Фото: предоставлено пресс-службой театра


Вот, скажем, так и не добравшаяся до родной деревни Таньчора. Едет она из Киева. В 1970-е — из большого города большой страны. Сегодня — из столицы почти враждебного государства. И слова матери «А там же война…», которые в советское время воспринимались проявлением старческой деменции, звучат как предвестие опасности. За Таньчору, по мысли автора, не доехавшую до матери по собственному разгильдяйству, вмиг становится тревожно.

Еще одно нововведение — тема деятельной старости. На первый план ее выводит не только яркий текст, но и превосходная работа Надежды Маркиной. Новая прима театра наделяет свою Мирониху бьющей через край витальностью и фантастической внутренней свободой. 40 годами ранее ее героиню пожалели бы: совсем одна, сама с хозяйством управляется, некому за коровой сбегать… Теперь ход мыслей другой: не перепоручи Анна сыну свое хозяйство, глядишь, и бегала бы теперь, как подружка Мирониха. Дом поддержать, со скотиной управиться — не полежишь тут, не заумираешь. И сама себе была бы хозяйкой: внуков можно на расстоянии любить, пьянством сына не казниться, на дурацкие шутки не отвлекаться, с природой без помех беседовать.

Новыми оттенками расцвечен и разговор пьяненьких мужичков про «баб и женщин». Есть баба, мощная, стосильная — словом, конь. А есть женщина, у которой всегда «нервное состояние», но смотреть на нее приятно — «вертушка» уж больно соблазнительная. А если бабу и женщину соединить в одной персоне? Мужички, может, таких и не видели, а зритель — сколько угодно. Да вот они, в зале сидят.

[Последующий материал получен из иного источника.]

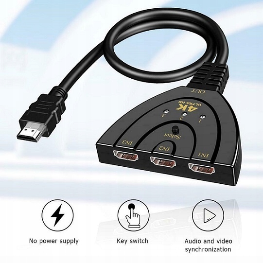 Rozdzielacz, switch HDMI na 3 porty HDMI 4K
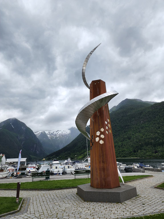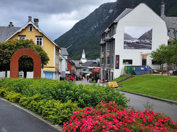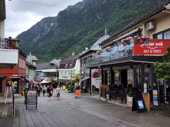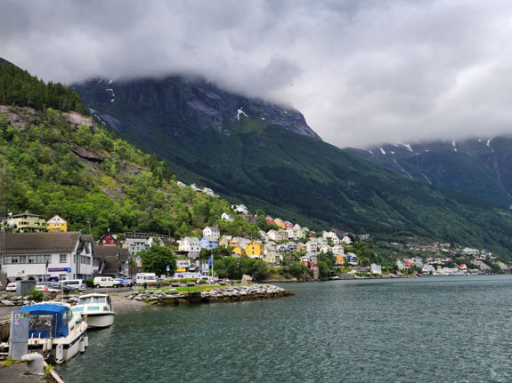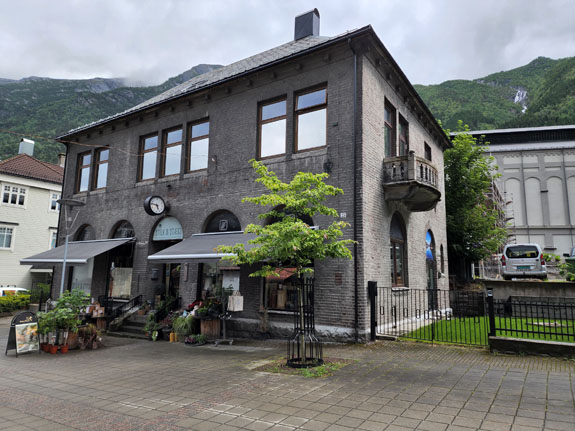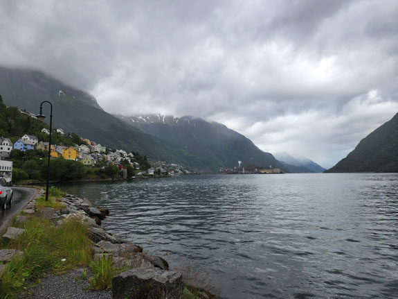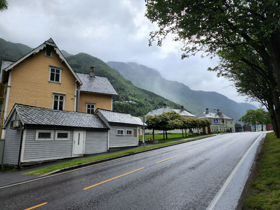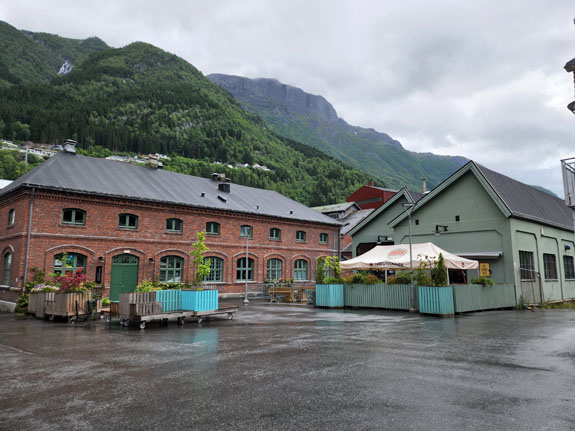 The town itself is very cool and scenic, with many shops and historic industrial buildings. I again contemplate kayaking here but it's still only 12C with a hefty breeze, and I have a long drive ahead. So basically I'm a fair-weather kayaker as it turns out. I'm ok with that. Below are some random pix of Odda, I have about a hundred more. When I first get here, a light rain is falling but it soon stops.
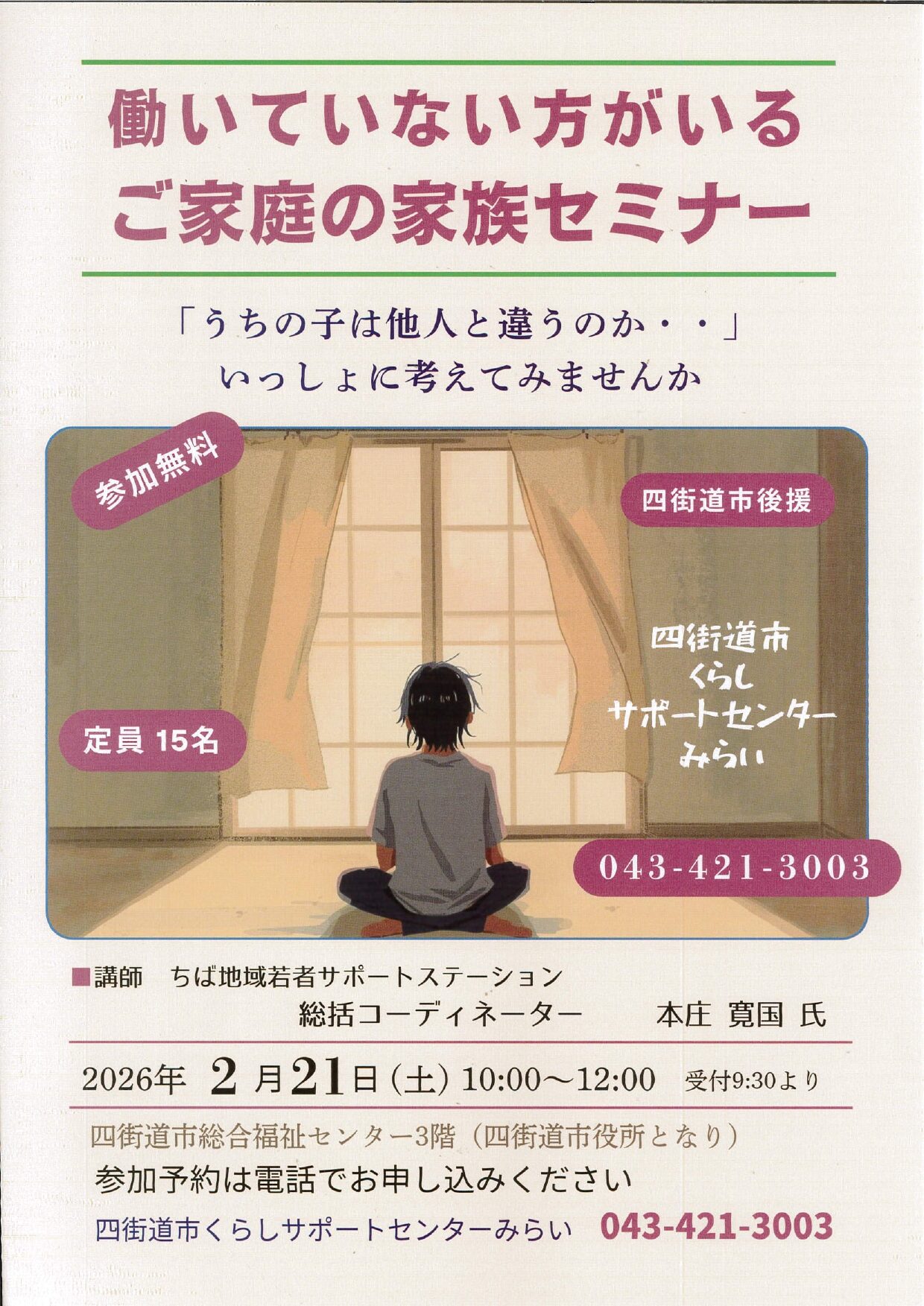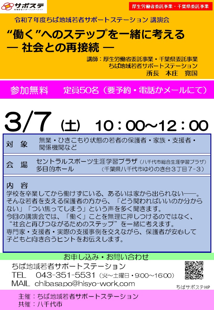 “働く”へのステップを一緒に考える ― 社会との再接続 ― をテーマに、講演会を開催します。 【日時】3/7 (土)10:00~12:00 【対象】無業・ひきこもり状態の若者の保護者・家族・支援者・関係機 […]
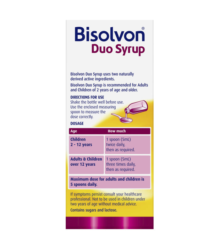 Bisolvon Duo Syrup provides relief of 2 symptoms in 1 convenient formula.
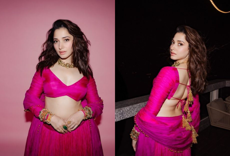 In a rani pink lehenga choli made of ruched art silk fabric, tamannaah bhatia radiates ethnic style. Her waist is emphasized by the lehenga's narrow belt design, which flows into a full skirt. Elegance is added with a matching cropped Sabyasachi-cut blouse with full-length churidar sleeves. Tamannaah's appearance is enhanced with a striking ancient gold jade necklace, kundan work, encrusted pearls, stacked jade bracelets, and cocktail rings with emerald and gold kundan work. Her peachy-nude makeup and salon-style blowout go well with her ensemble.Pooja Hegde's silver Splendor
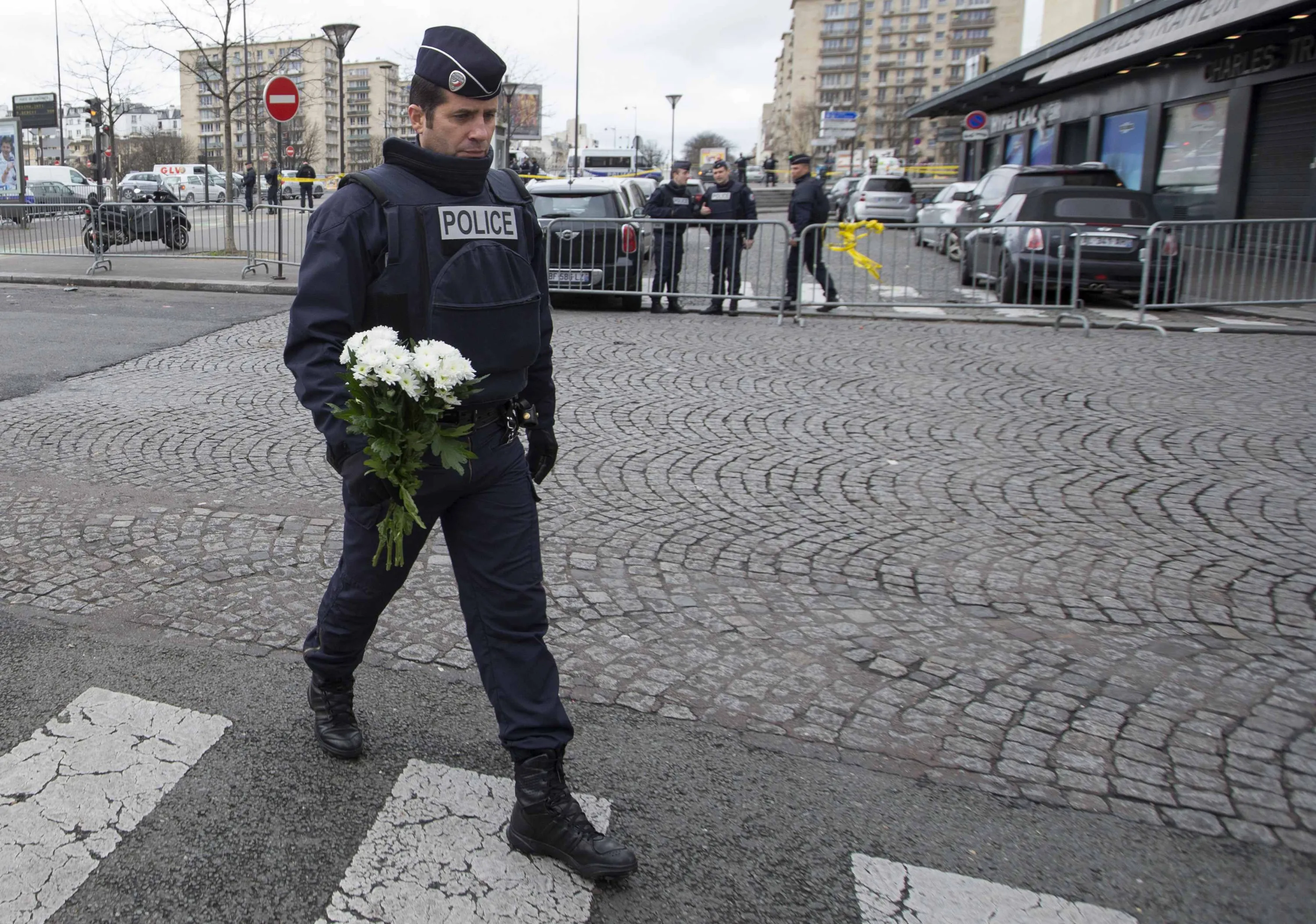 A French police officer prepares to place flowers outside the Hyper Cacher kosher supermarket near Porte de Vincennes in eastern Paris, January 10, 2015. French President Francois Hollande confirmed reports on Friday that four hostages, along with the gunman Amedy Coulibay, were killed at a siege of the Hyper Cacher supermarket in eastern Paris. (Photo by Yves Herman/Reuters)

Тема крушения патриархального уклада, описанная Распутиным с нескрываемой болью, за минувшие годы основательно притупилась. Что толку страдать, ушло — не воротишь. Не бороться надо с объективным ходом истории, а взаимодействовать с ним. Нашли себя Люся (Ирина Фадина), Михаил (Сергей Галкин), Илья (Андрей Зайков) и Таньчора в новой городской жизни — и молодцы. Живи да радуйся. Хотят того или не хотят авторы постановки, думается именно об этом.



Бытие над бытом

«Где родился, там и пригодился… И куда едут?» — рассуждает старуха. «А чего не ехать?» — реагирует современный зритель. Во многих местах есть интернет, вышки мобильной связи понатыканы — беседуй с родственниками, поддерживай контакты, было бы желание. Есть возможность — живи и там, и там. Сам Распутин в последние годы жил на два дома — в Москве и Иркутске, но завершил свой путь великим сибирским писателем, связей не терял. Порвались они в той, лучшей жизни. Старуху наверняка отнесли на семейный погост, а писателя вопреки его завещанию похоронили не рядом с женой и дочерью, а на красном месте, в ограде иркутского Знаменского монастыря. Вот это разрыв так разрыв. То, что в повести, по сравнению с ним — рядовые семейные неурядицы.


Фото: предоставлено пресс-службой театра


Тем не менее читать Распутина — тяжкая душевная работа. Многие не выдерживают, книжку закрывают. Чтобы зритель не «закрыл» спектакль, режиссер и художник ожидаемо стараются сделать его комфортным для восприятия. Режиссеру здесь труднее. Авторская инсценировка — из разряда добротного (читай: тяжеловесного) коллективного рассказа. Швы между эпизодами, вялый темпоритм и длинноты преодолеть не удается. Актеры не всегда берут благотворный для литературного формата сдержанный тон. Мужчины кричат, женщины суетятся. Актриса Елена Коробейникова (старуха Анна), годами много моложе своих сценических детей, старческую характерность передает превосходно, но временами уж слишком старается.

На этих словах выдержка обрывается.